20 People Share The Most Difficult Yet Important Lesson They Learned In Their 20s.

Your twenties have the highest change and growth rate of any other period in your life. Use the time right.


Thanks to the awesome folks at Quora who shared their best lessons.


1/20. Here are some things I really, really wish I knew when I was twenty.

You are not your job. You are not your bankroll. You are not the sum of your possessions.

The company does not love you. It has no heart. You are replaceable. Keep your parachute handy.

Few decisions will ever shape your future life more than who you choose to marry. To marry well, you must choose well.

Love is a commitment.

Your passions will grow out of your values.

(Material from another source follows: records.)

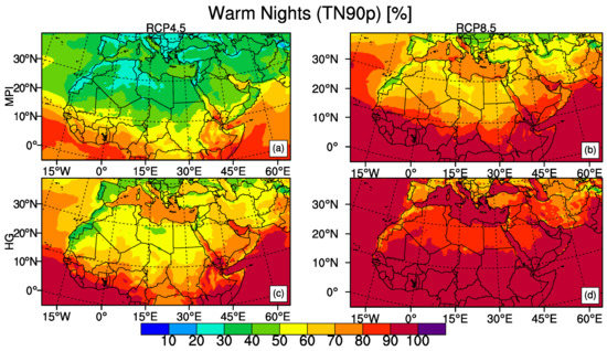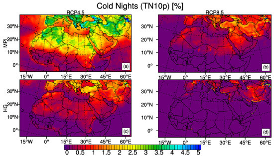Figure 7 shows the projected changes in the annual frequency of TN10p in absolute terms for the period of 2071–2100 with respect to the 1971–2000 reference period. MPI-ESM-MR model under RCP4.5 shows that TN10p decreases from about 10% in 1971–2000 to somewhere between 4% to 2.5% for northern part of MENA domain and to somewhere between 1.5% to 0% for southern part. MPI-ESM-MR model outputs under RCP8.5 and HadGEM2-ES model outputs under RCP4.5 show similar patterns and these results are in between MPI-ESM-MR with RCP4.5 and HadGEM2-ES with RCP8.5 in terms of stronger reduction of TN10p. HadGEM2-ES projection under RCP8.5 scenario shows the most severe results with almost a uniform percentage in cold nights with the values between 1% to 0% which means there will be virtually no cold nights in MENA as defined for the reference period of 1971–2000. Values close to 0% for cold nights will be observed starting from around 2020 over Sahara, East Africa and West Africa and around 2060 over Mediterranean sub-regions (Supplementary Figures S1–S4). Our results support previous studies [49,84], which found that the European and African regions show a decrease of cold nights (Tmin ≤ 5 C) for the far future period and a greater decrease is projected with RCP8.5 than with RCP4.5.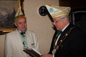 Insgesamt galt es neun (!) Neumitglieder aufzunehmen und vier Mitglieder zu ehren – dreimal für zehnjährige und einmal für zwanzigjährige Mitgliedschaft in der Gesellschaft. An dieser Stelle durfte auch der Präsident des LRK seines Amtes walten und die verdienten Mitglieder auszeichnen. DIes tat er gewohnt eloquent und mit dem Eindruck, sich „im Wohnzimmer der 38er“ doch recht wohl zu fühlen.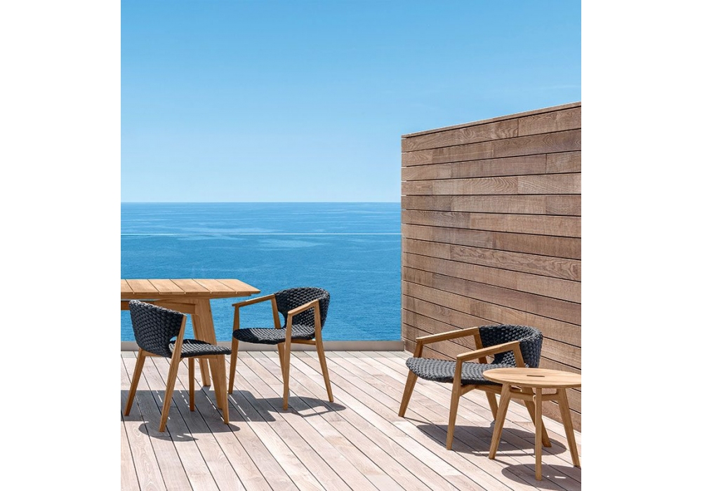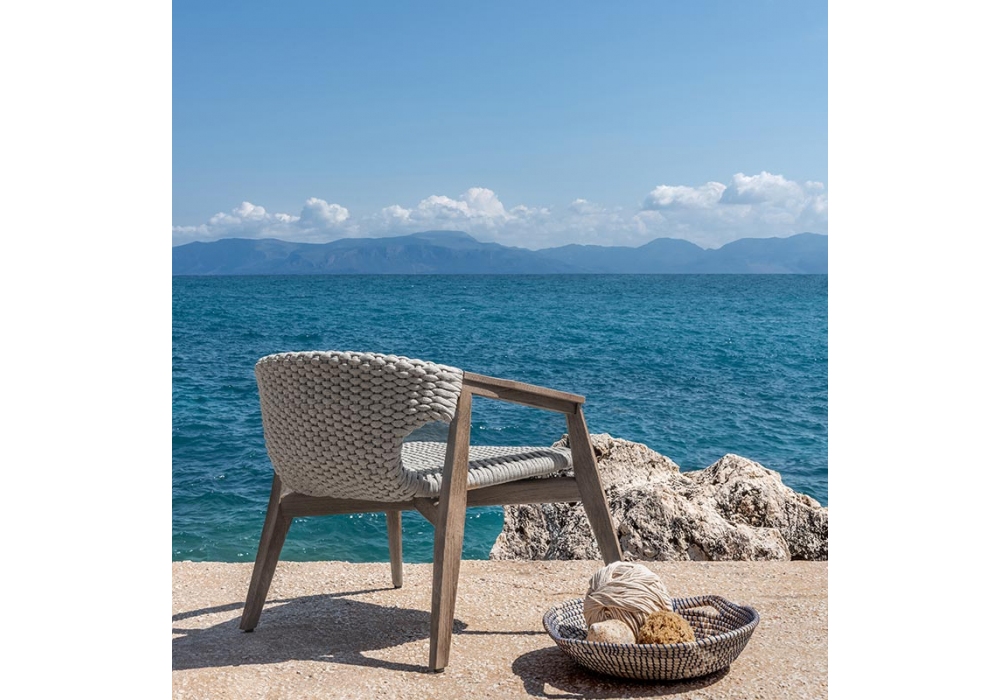 Knit Lounge designed by Patrick Norguet for Ethimo is an armchair with structure in teak wood in different finishes and coverings. Available with or without cushions.

Make early, wise choices to value what (and who) is good, trustworthy, and praiseworthy.

Rich Tatum


2/20. There are always going to be people smarter/"better" than you.

This point is not a matter of your acceptance, this situation is actually good for you --- this is how you will become smarter/"better". In fact, being surrounded by smarter people is extremely important for developing an individual. If you consistently find yourself being the smartest guy in the room, you are doing it wrong --- either your self-assessment is way off, or you are in a wrong place.

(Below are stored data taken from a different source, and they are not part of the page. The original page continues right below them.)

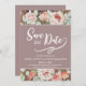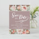 Meddela din speciella dag med detta vackert designade Spara datumkortet. Med delikata blommigtar i mjuk, romantisk nyans och elegant-skripttypografi anger det här kortet tonen för ett tidlöst och sofistikerat firande. Perfekt för bröllop med ett klassiskt tema eller trädgårdstema.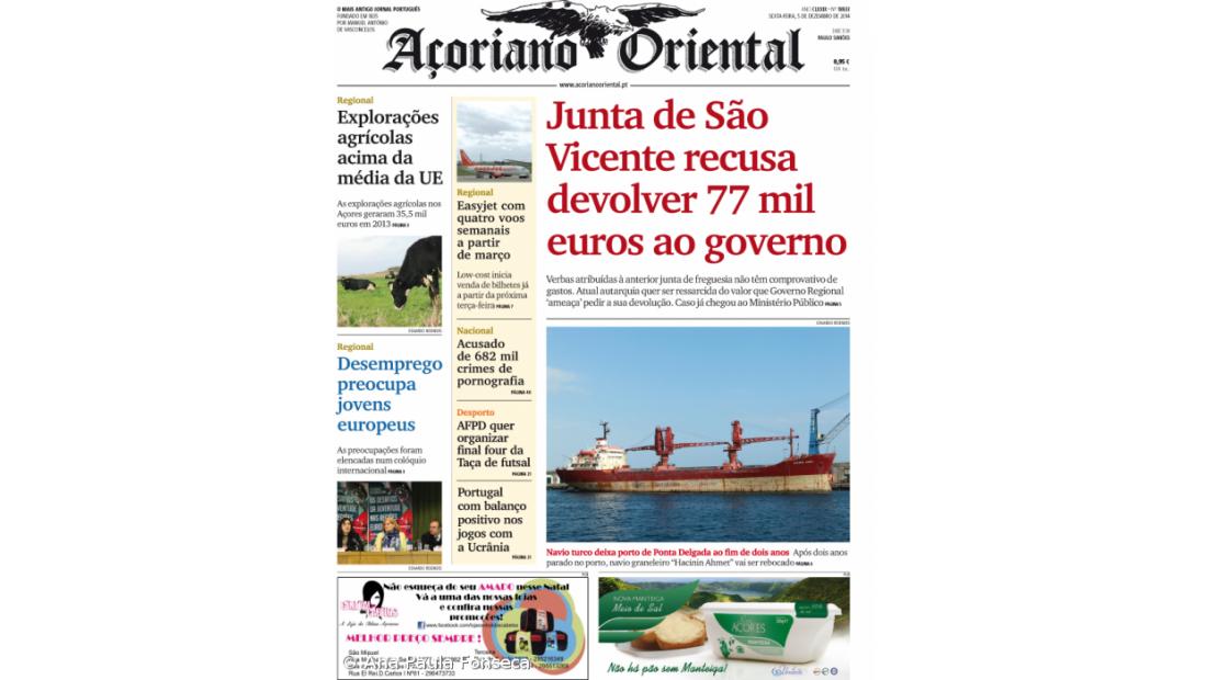As explorações agrícolas nos Açores geraram 35,5mil euros em 2013, estando acima da média da UE; Desemprego preocupa jovens europeus; Easyjet com quatro voos semanais a partir de março e navio turco deixa porto de Ponta Delgada ao fim de dois anos são outros títulos.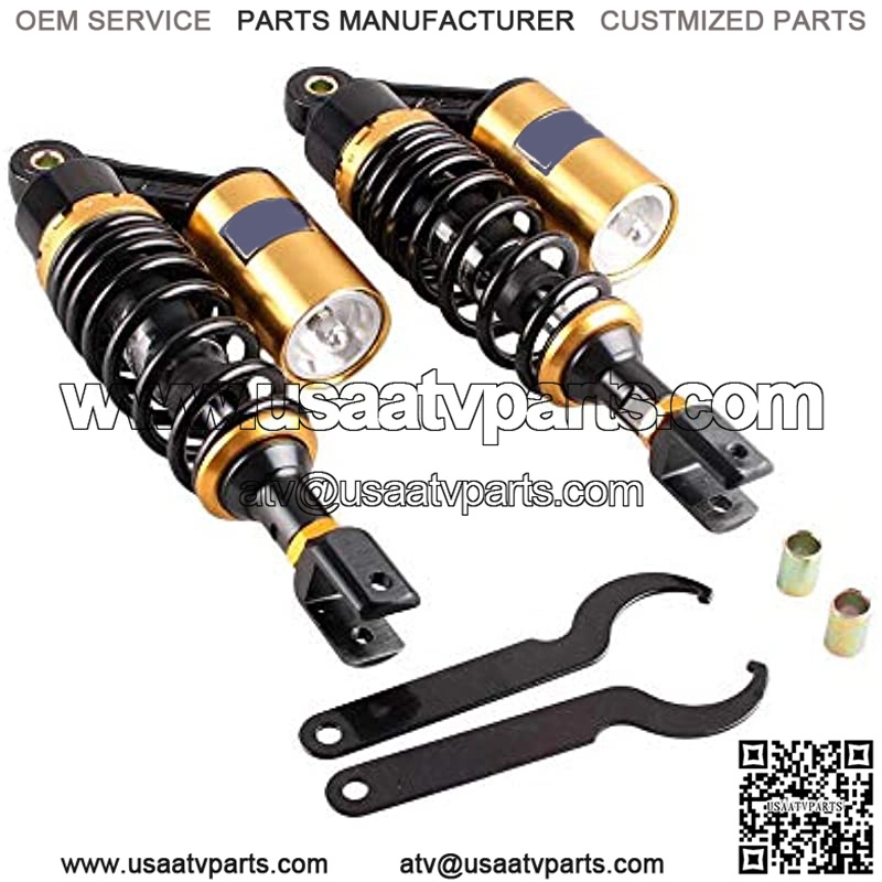 2PC 280mm Motorcycle Air Shock Absorbers Rear Suspension Universal Fits Most 150cc~750cc Street Bikes, Scooters and Moped Quad (ATV) Black Gold, Spring Width 60mm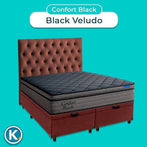Baú Marrom + Cabeceira + Colchão King Confort Black Ortobom Conjunto King Colchão Confort Black + Cama Box Bau Marrom + Cabeceira O Colchão Confort Black Ortobom une tecnologia e conforto para um sono de qualidade. Conta com pillow top em espuma D28 selada, que garante maciez, resiliência e durabilidade. Sua estrutura interna em EPS de alta resistência oferece suporte firme e estável, mantendo a ergonomia ideal.

We are defined mostly by our background and our environment. Studying the mental development of children has shown that their IQ "moves" in direction of an average IQ of a group they socialize with: "dumber" people getting "smarter", and "smarter" people getting "dumber" depending on their surroundings. It corresponds to my observations for adults too.

Eugene Lazutkin


3/20. Adult life is about learning to live with ambiguity. Remember when you thought you'd have it all sorted out by 30? No. Whether it be your career, your relationships or your beliefs, you will always question whether you are making the right choices and will have to deal with regret.

Brandon Chu

3/20. Don't "follow your passion" when you're 20: Often people who aim to follow their passions will develop new passions whenever their current track becomes difficult. This can lead to a life of jumping around too much and never getting truly good at anything.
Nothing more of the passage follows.